*EXERCISE INPUTS*
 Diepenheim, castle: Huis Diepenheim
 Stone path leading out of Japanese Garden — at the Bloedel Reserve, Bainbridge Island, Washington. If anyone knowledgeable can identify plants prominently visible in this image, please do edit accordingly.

...

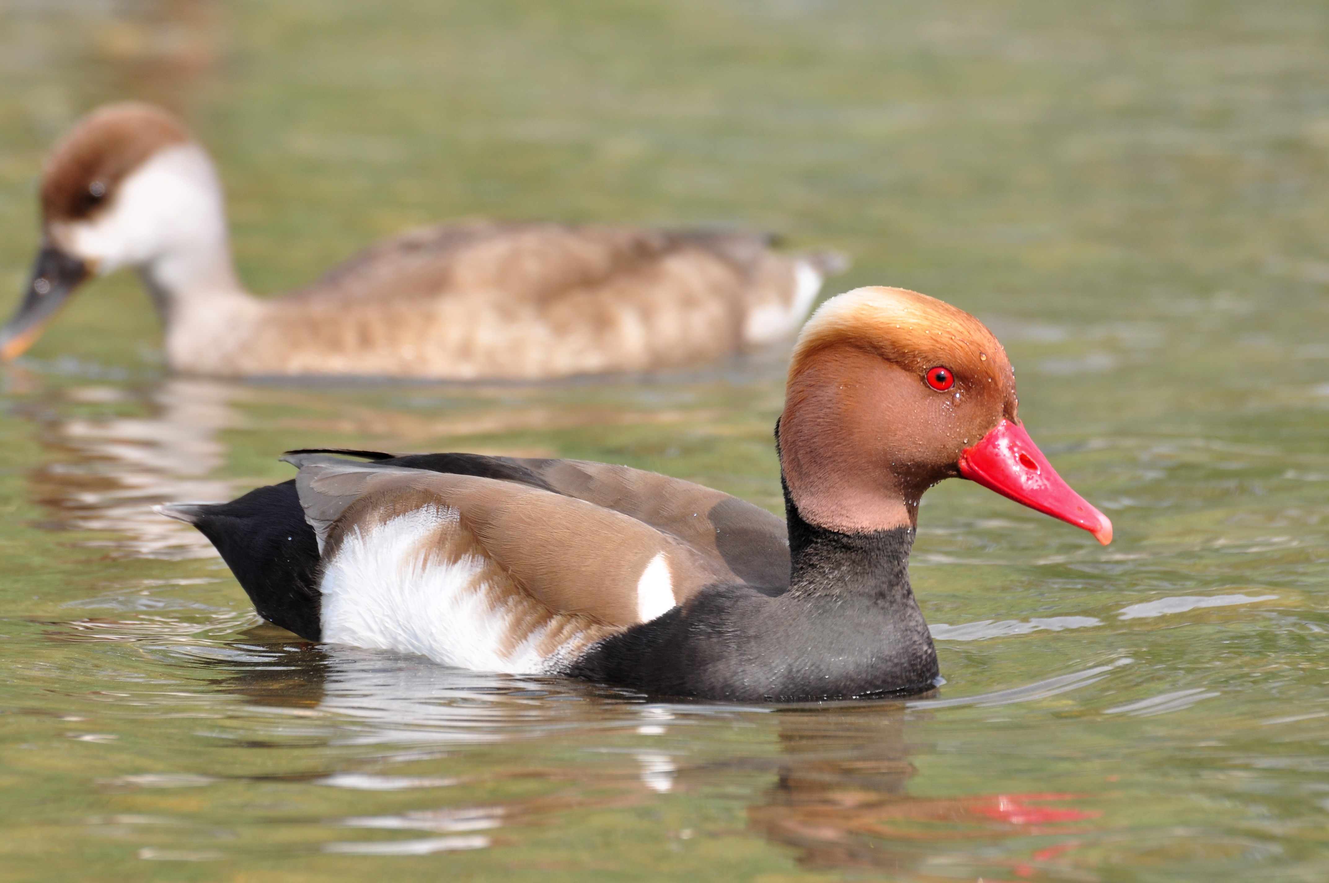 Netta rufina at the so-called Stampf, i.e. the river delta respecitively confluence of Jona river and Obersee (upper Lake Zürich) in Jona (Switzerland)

...

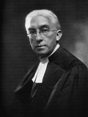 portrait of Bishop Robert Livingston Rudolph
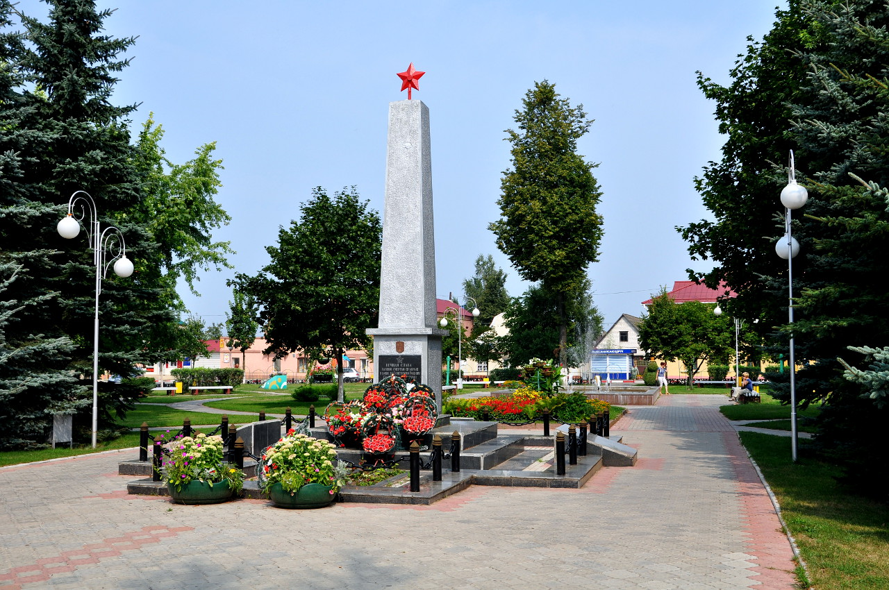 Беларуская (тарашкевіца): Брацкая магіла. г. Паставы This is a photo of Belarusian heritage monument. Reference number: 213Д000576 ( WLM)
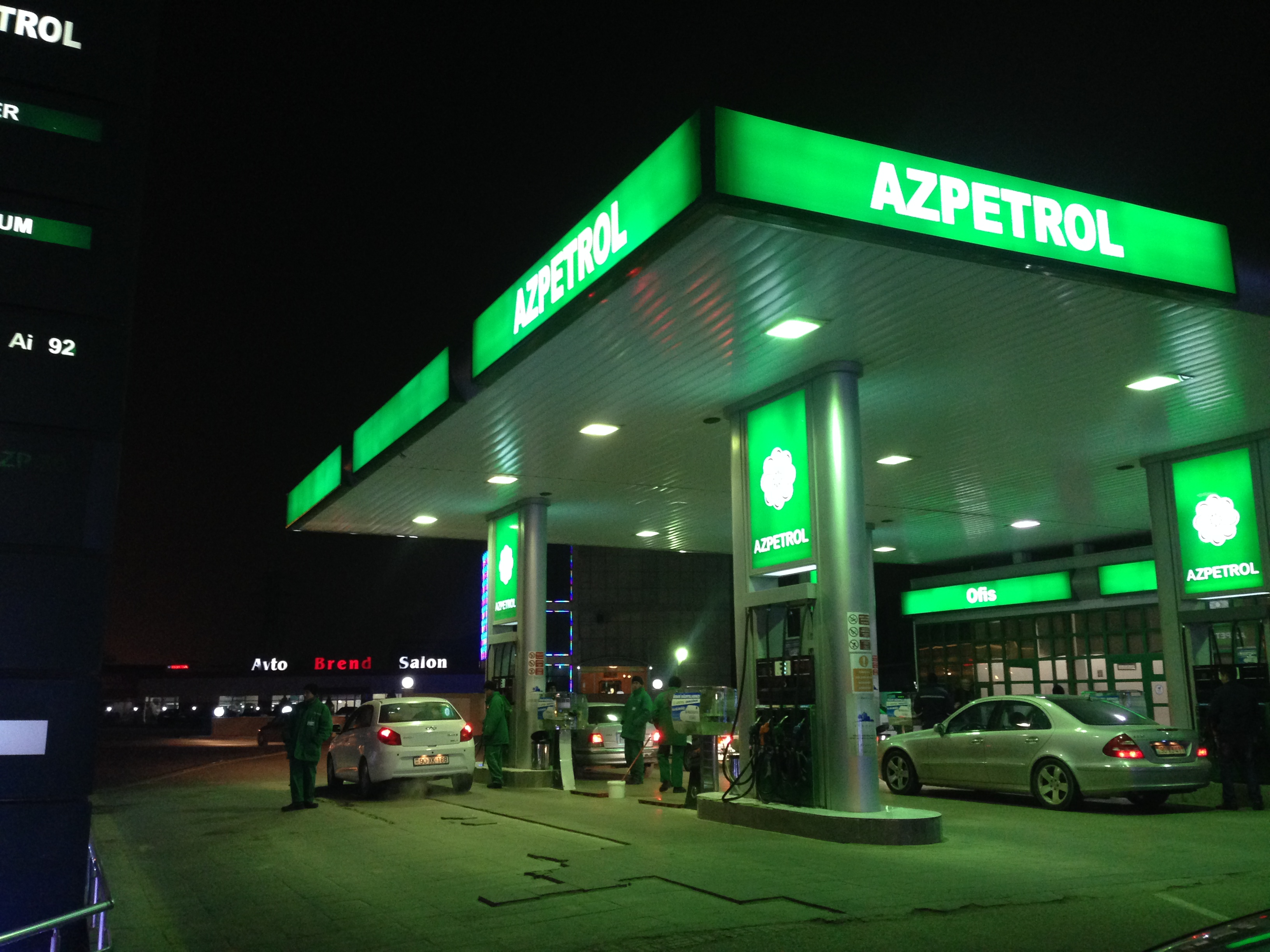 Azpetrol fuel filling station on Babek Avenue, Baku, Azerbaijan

*INSTRUCTIONS FOR THE TASK*
Each line above starting at the one holding "Беларуская (тарашкевіца): Брацкая" and ending at the one holding "Azpetrol fuel filling" should be set down exactly as it stands, both ends included, with no pictures.

*TASK SOLUTION*
 Беларуская (тарашкевіца): Брацкая магіла. г. Паставы This is a photo of Belarusian heritage monument. Reference number: 213Д000576 ( WLM)
 Azpetrol fuel filling station on Babek Avenue, Baku, Azerbaijan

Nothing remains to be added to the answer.